Back in the days before it was fashionable to prosecute Trump and anyone related to Trump, when the possible charges were against Hillary, it was a grave and serious thing to prosecute politicians, especially when they had possible elections in front of them. "That's the stuff of banana republics!" they said. "That's, like, what Putin does!" they said. It was "deeply dangerous for democracy". Whether or not our democracy was legitimate was supposedly hanging in the balance, depending upon whether their preferred candidate was charged with a crime. You don't hear that anymore.

Do you have any theories for why this changed? Were there any chants at political rallies or something agitating for this shift in norms?

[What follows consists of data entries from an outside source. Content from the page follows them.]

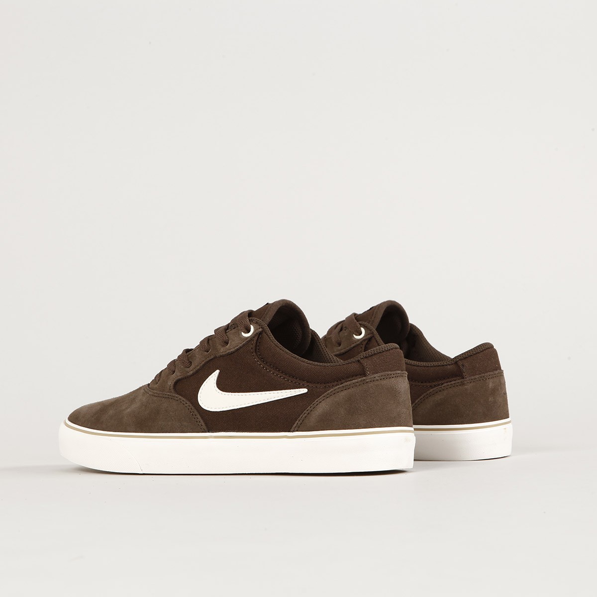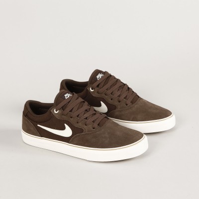Skateboardové boty Nike SB s názvem Chron 2 v barvě Baroque Brown Pale Ivory. Svršek je vyroben z kombinace semiše a zesíleného canvasu. Tenký a prodyšný jazyk zajišťuje dostatečné proudění vzduchu. Pěna Solarsoft s dvojí hustotou pro tlumení dopadů a podrážka se hvězdičkovým vzorem poskytují vynikající přilnavost a kontakt s prknem. Horní očka jsou kovová. Na boku našitý swoosh a na jazyku logo Nike SB.
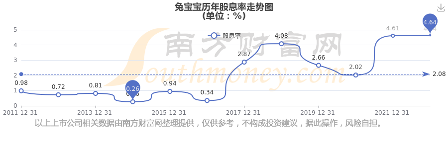 近年兔寶寶年度股息率走勢(shì)如下圖:
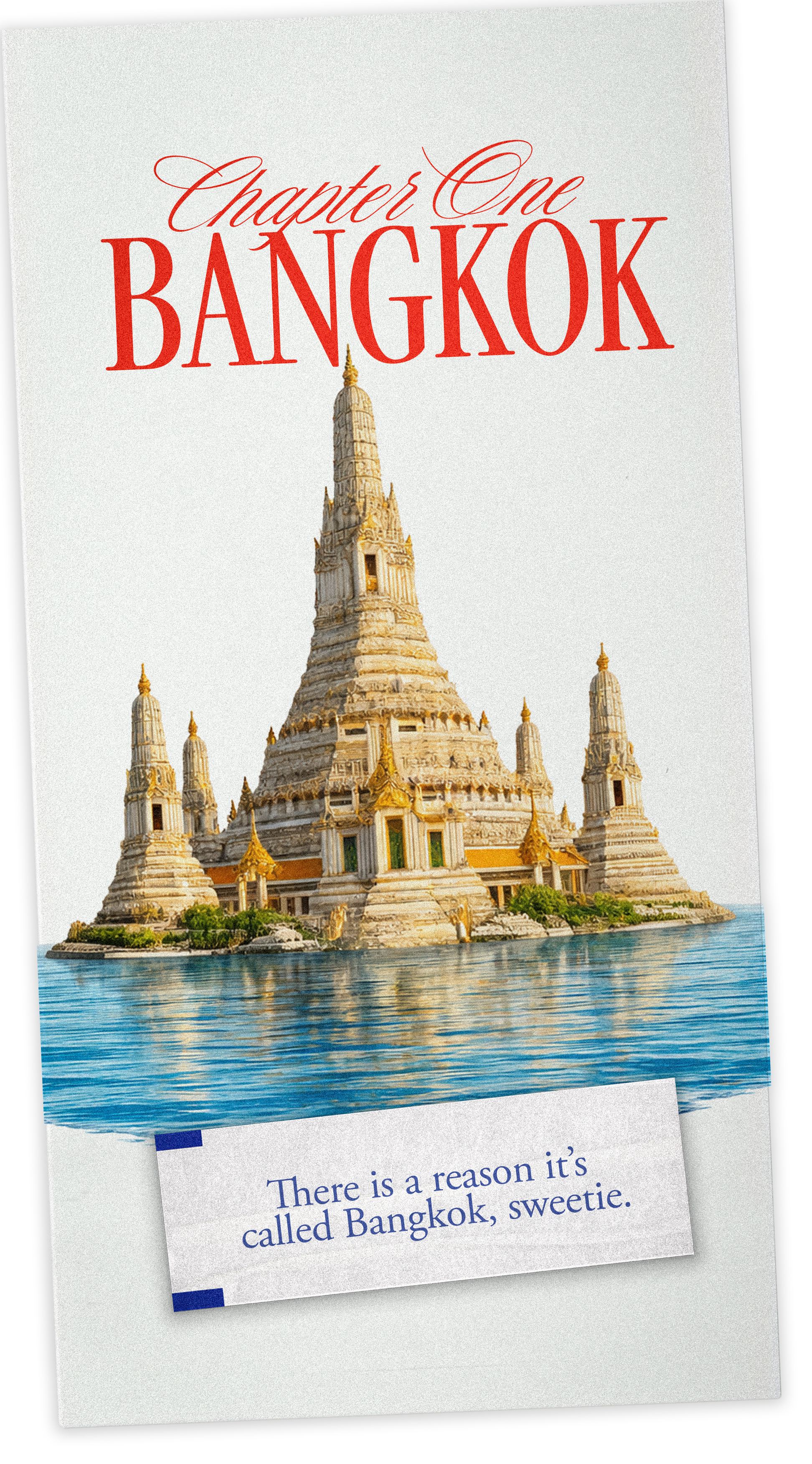 Neon lights. Rooftops. Temples. Tuk-tuks. Street food at 2am Cocktails with a view. Side quests after dark: “how exactly did we get here?”
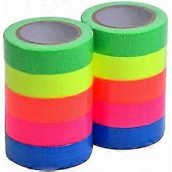 أشرطة الأشعة فوق البنفسجية الفلورية شريط كواشف الشريط الخفيف الأسود ، 5 ألوان شريط نسيج لاصق الفلورسنت (10 لفات)
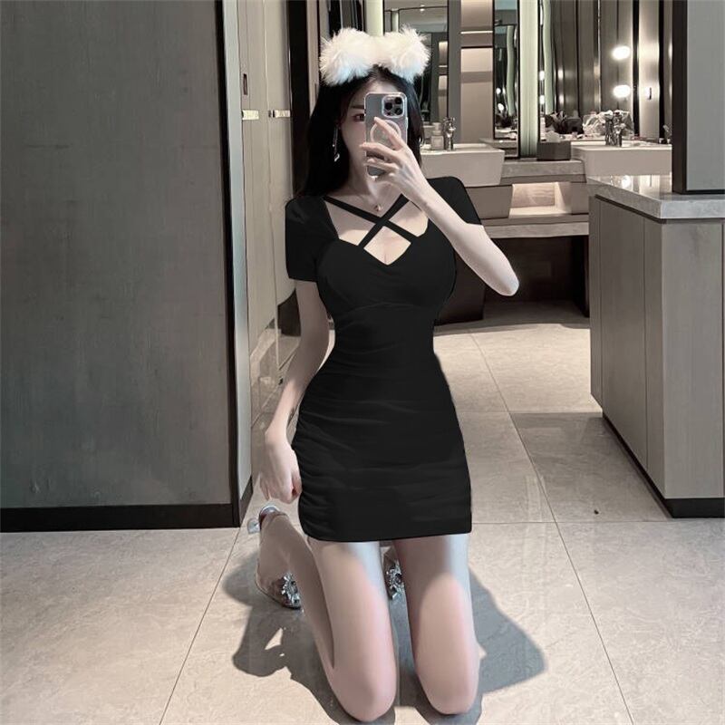夜の作業服店の女性の気質セクシーなローカットクロスディープVネック半袖スリムバッグヒップドレス micat14744330398

Ah yes, the gotcha. It's the right's fault, so your observation is invalid. Sorry, but I can acknowledge that the right certainly played a significant part in chipping away at the norm... while also acknowledging that the observation remains true. In the before days, one could at least sit back and say, "There are some crazy righties chanting 'lock her up', but we're a serious democracy which doesn't prosecute politicians on questionable charges, and there are serious people who will ensure that we stay that way." I am on record as one of those people, prior to Trump's election, prior to the reality become clear to everyone that he didn't try to force through some charges. (As an aside, has there ever been a single piece of reporting along the lines of, "We're giving an exclusive account of the breathtaking meetings in which Donald Trump applied consistent pressure to produce a prosecution, but was rebuffed by so-and-so"?)

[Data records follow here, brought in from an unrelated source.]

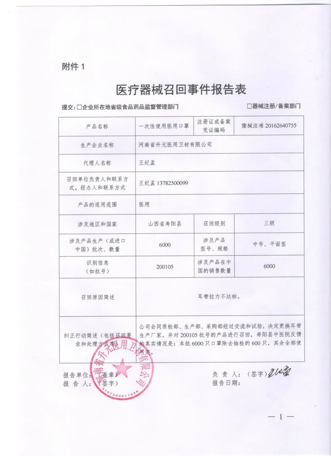 河南省升元醫(yī)用衛(wèi)材有限公司報(bào)告,由于其生產(chǎn)的一批次一次性使用醫(yī)用口罩口罩帶拉力不符合規(guī)定,企業(yè)對(duì)其主動(dòng)召回,召回級(jí)別為三級(jí)。
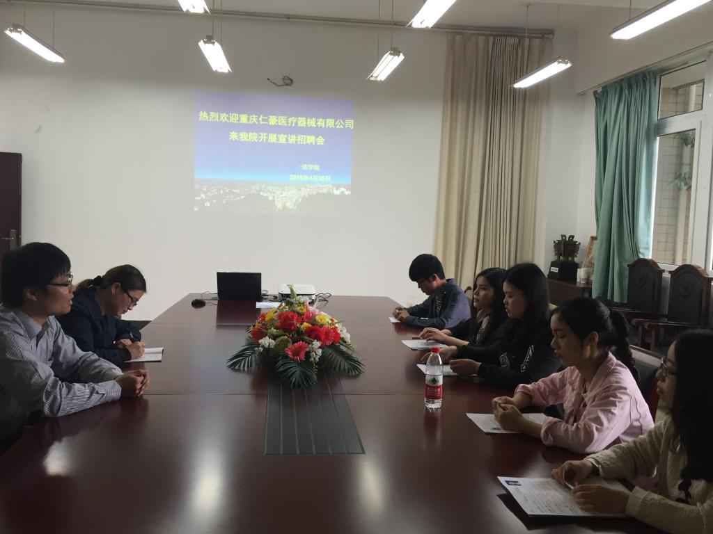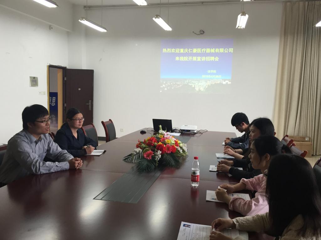 44月26日下午,重庆仁豪医疗有限公司莅临公司开展宣讲招聘会。该公司负责人周先生和易女士,法公司杨婷老师以及2012级部分毕业生参加了此次宣讲招聘会。
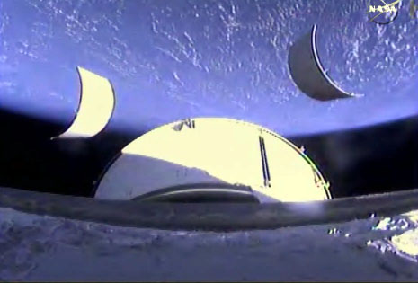 Λήψη από κάμερα στο εξωτερικό του Orion. To σκάφος απορρίπτει το προστατευτικό του κέλυφος ψηλά πάνω από την ατμόσφαιρα.
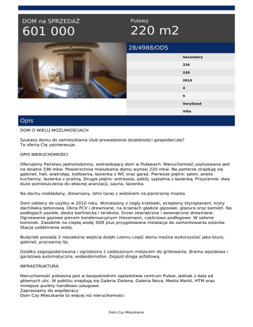 DOM na SPRZEDAŻ 601 000 Puławy 220 m2 28/4988/ODS Secondary 336 220 2010 4 5 VeryGood Villa Opis DOM O WIELU MOŻLIWOŚCIACH Szukasz domu do zamieszkania i/lub prowadzenia działalności gospodarczej? Ta oferta Cię zainteresuje. OPIS NIERUCHOMOŚCI Oferujemy Państwu jednorodzinny, wolnostojący dom w Puławach. Nieruchomość usytuowana jest na działce 336 mkw. Powierzchnia mieszkalna domu wynosi 220 mkw. Na parterze znajduję się gabinet, hall, wiatrołap, kotłownia, łazienka z WC oraz garaż. Pierwsze piętro: salon, aneks kuchenny, łazienka z pralnią. Drugie piętro: antresola, pokój, sypialnia z łazienką. Przyziemie: dwa duże pomieszczenia do własnej aranżacji, sauna, łazienka. Na dachu rozkładany, drewniany, letni taras z widokiem na panoramę miasta. Dom oddany do użytku w 2010 roku. Wzniesiony z cegły kratówki, ocieplony styropianem, kryty dachówką betonową. Okna PCV i drewniane, na ścianach gładzie gipsowe, glazura oraz kamień. Na podłogach panele, deska barlinecka i terakota. Drzwi zewnętrzne i wewnętrzne drewniane. Ogrzewanie gazowe piecem kondensacyjnym Viessmann, częściowo podłogowe. W salonie kominek. Zasobnik na ciepłą wodę 300l plus przygotowana instalacja do zamontowania solarów. Stacja uzdatniania wody. Budynek posiada 2 niezależne wejścia dzięki czemu część domu można wykorzystać jako biuro, gabinet, pracownię itp. Działka zagospodarowana i ogrodzona z zadaszonym miejscem do grillowania. Brama wjazdowa i garażowa automatyczna, wideodomofon. Dojazd droga asfaltową. INFRASTRUKTURA Nieruchomość położona jest w bezpośrednim sąsiedztwie centrum Puław, jednak z dala od głównych ulic. W pobliżu znajdują się Galeria Zielona, Galeria Nova, Media Markt, HTM oraz mniejsze punkty handlowo-usługowe. Zapraszamy do współpracy Dom Czy Mieszkanie to więcej niż nieruchomości Dom Czy Mieszkanie Dominik Rodzik tel. 728473982 email: [email protected] Dom Czy Mieszkanie Powered by TCPDF (www.tcpdf.org)
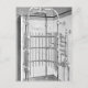 Um incrível chá de banheiro chá de 1887. Tem uma estrutura como uma gaiola com canos verticais por toda a parte. Várias válvulas estão ao longo de um cano vertical à direita e uma cabeça grande de chá no centro acima.

At the same time, one can also sit back and say, "It turns out that many people who said they were serious people who would ensure that we're a serious democracy which doesn't prosecute politicians on questionable charges... are now cheering on efforts to prosecute politicians on questionable charges, so long as they're the politicians they don't like."

I agree that the public statements are a problem, even in the absence of substantial actions. One possible world we could have ended up in is a world where dems chant "lock him up" at rallies, but then dem politicians still refrain from pushing questionable charges once in office. It might have been a weird state of affairs; maybe the chants would continue to be tit-for-tat, but serious people would ensure that reality stays serious alongside it. In that world, do the chants eventually go away? Do they persist, like how in many other domains, the public chants and pushes both sides' politicians for things that those politicians continually reject actually doing? Man, I don't know. I wouldn't like it, but I don't know how it would go. Regardless, we are no longer in that possible timeline. We're in a different one.

I'm not denying your observation, I actually think it's probably true though there are too many variables to control for conclusively. I also agree with you that at least some of the current charges against Trump are questionable (Stormy Daniels hush-money payment is the prime example).

Regardless, I was curious about the progeny of this apparent shift that you describe. Would it be fair to characterize the "lock her up" and "because you'd be in jail" comments as just bloviating on Trump's part? The fact that there's no evidence that Trump tried to push for any prosecution against Clinton while he was in office supports this. Even so, the fact this bloviating was such irresistible ambrosia for his base indicates it was tapping on some deep-seated desire among at least some Americans to prosecute and jail politicians from the other side. Would you agree?

At that point it's an interesting question how much we can blame this on a sort of "lab leak", a meme that went unintentionally viral.

I already said that the right started the chanting. Please speak plainly.

Sorry, I don't know which part is confusing. You described a shift in norms about how seriously the prospect of prosecuting politicians used to be treated. I was asking about what you thought contributed to this shift, including asking what you thought the popularity of the "lock her up" chant indicated (e.g. did it contribute towards causing the shift or is it the symptom of something else? etc). Let me know if that makes sense.